There’s just a chance that, if Israel doesn’t lose its nerve, it could restore a climate of deterrence against seaborne provocations.
Victor Davis Hanson
National Review Online
04 June '10
Posted before Shabbat
A tiny flotilla of “peace ships” sets out to run an Israeli blockade of the Gaza coast. The Israeli strategy in response is intended to ensure that neither weapons nor terrorists enter the Hamas-held territory, at a time when Hamas is in a virtual war with Israel.
Once the ships neared the coast, the choices were not good. Either the Israelis could allow the ships through, rendering the blockade irrelevant and permitting dozens of unknown persons to enter Gaza, along with unspecified cargos — or the Israelis had to intervene, ensuring that at some point they might have to use force, perhaps against some passengers who were not entirely unarmed.
And once things reached that point, the militarily dominant Israelis had lost the public-relations war — at least as conventional wisdom defines it.

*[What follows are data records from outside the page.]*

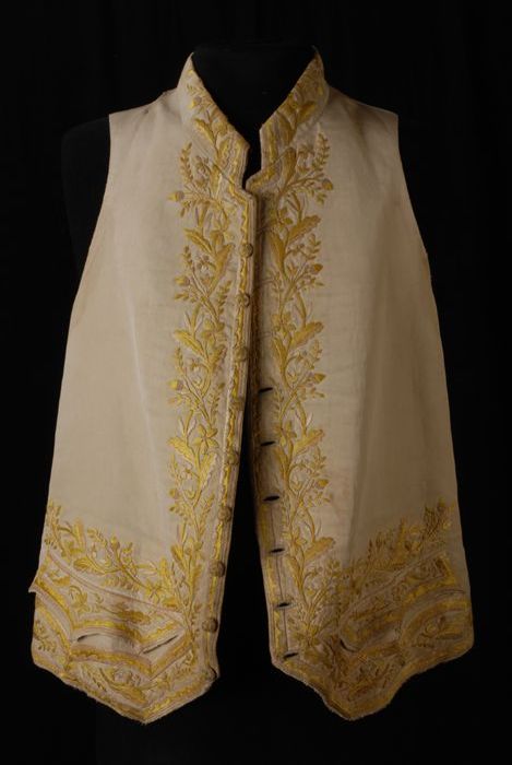 Herenvest van crèmekleurig zijde, geborduurd met blo...
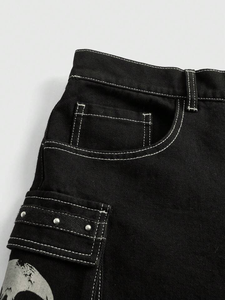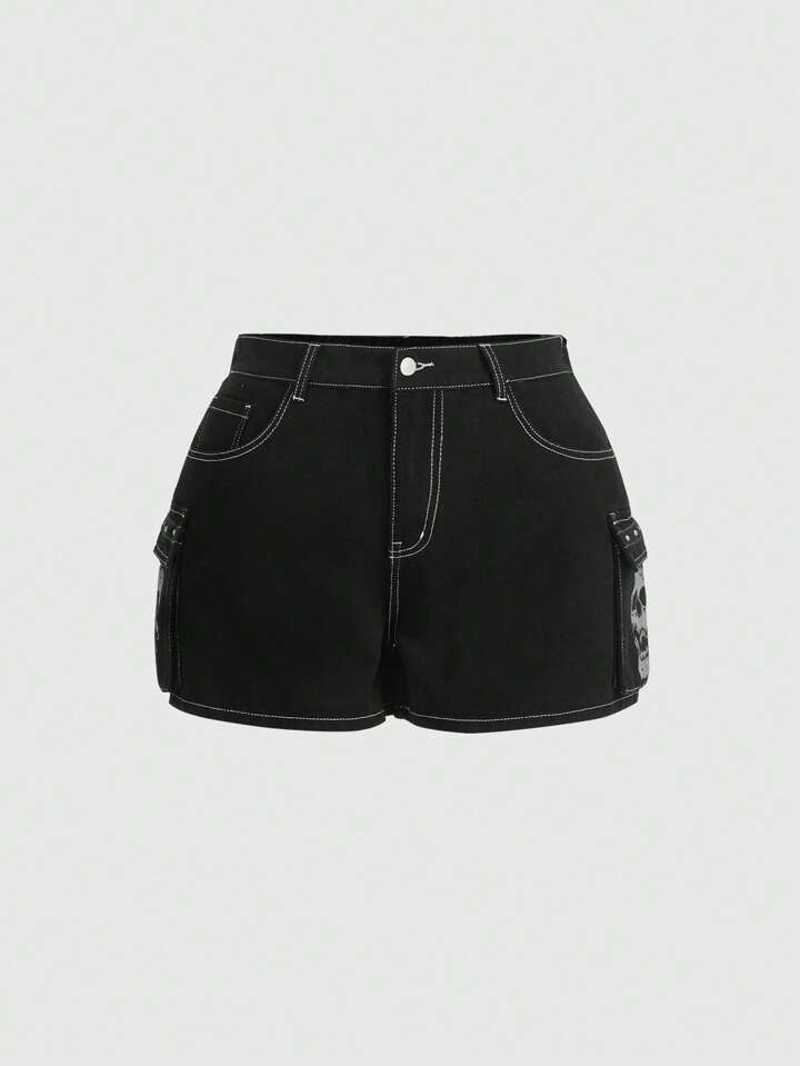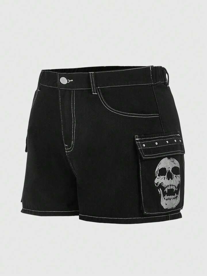 Grunge Punk Plus Skull Print Contrast Top-stitching Flap Pocket Denim Shorts
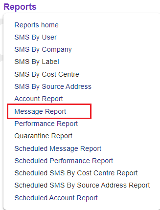 •Click the Reports tab at top of interface and select Message Report or Performance Report from the dropdown menu.
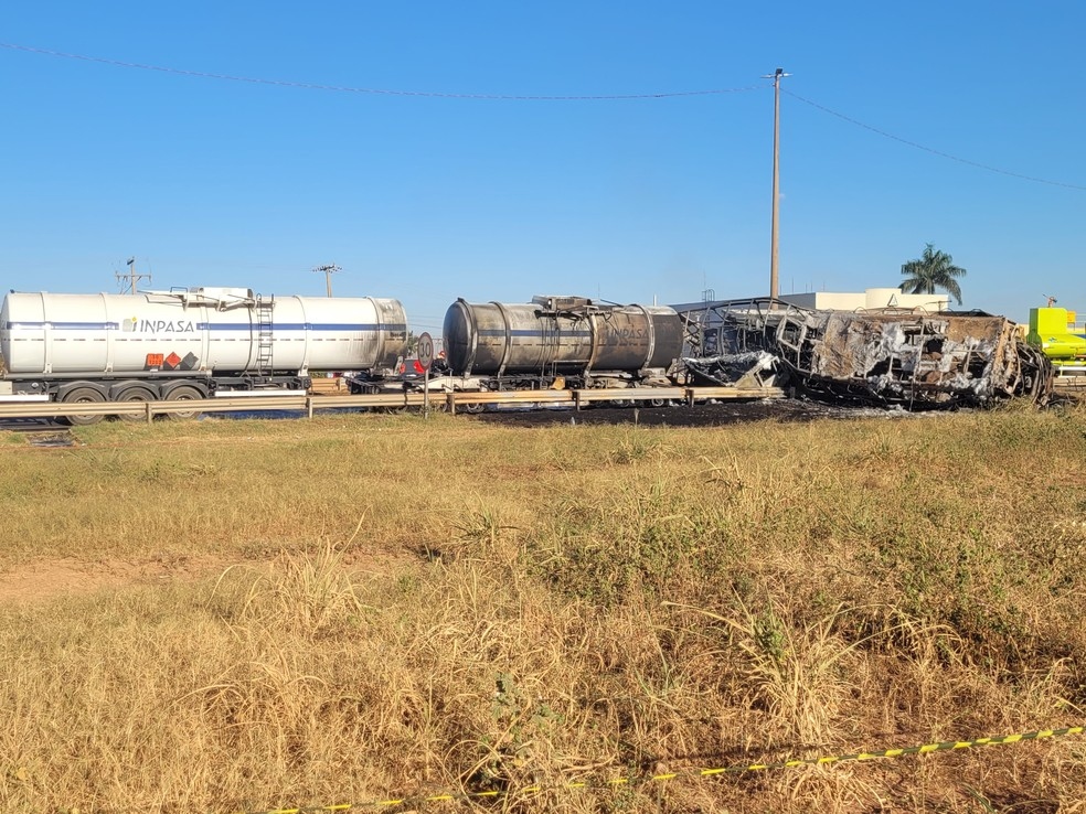 Um vídeo mostra os veículos em chamas após as batida. (assista acima)

The Gaza flotilla, then, joins a long list of incidents — intifadas, kidnappings, rocket attacks — in which the provocation proves minor in comparison with the hoped-for response.
The aim of such provocations is to create over time a narrative in which the Israelis appear to be bullying aggressors not worthy of global, and perhaps not even of Western, support. As these incidents continue, Israel’s enemies hope that at some point Israel will go too far, wear too thin the patience of the West, and finally lose the financial, military, and diplomatic support necessary for its very survival. That point has already been reached in Europe, and the Gaza-flotilla incident was aimed at doing the same within the United States — given the reset-button Middle East policy of President Obama.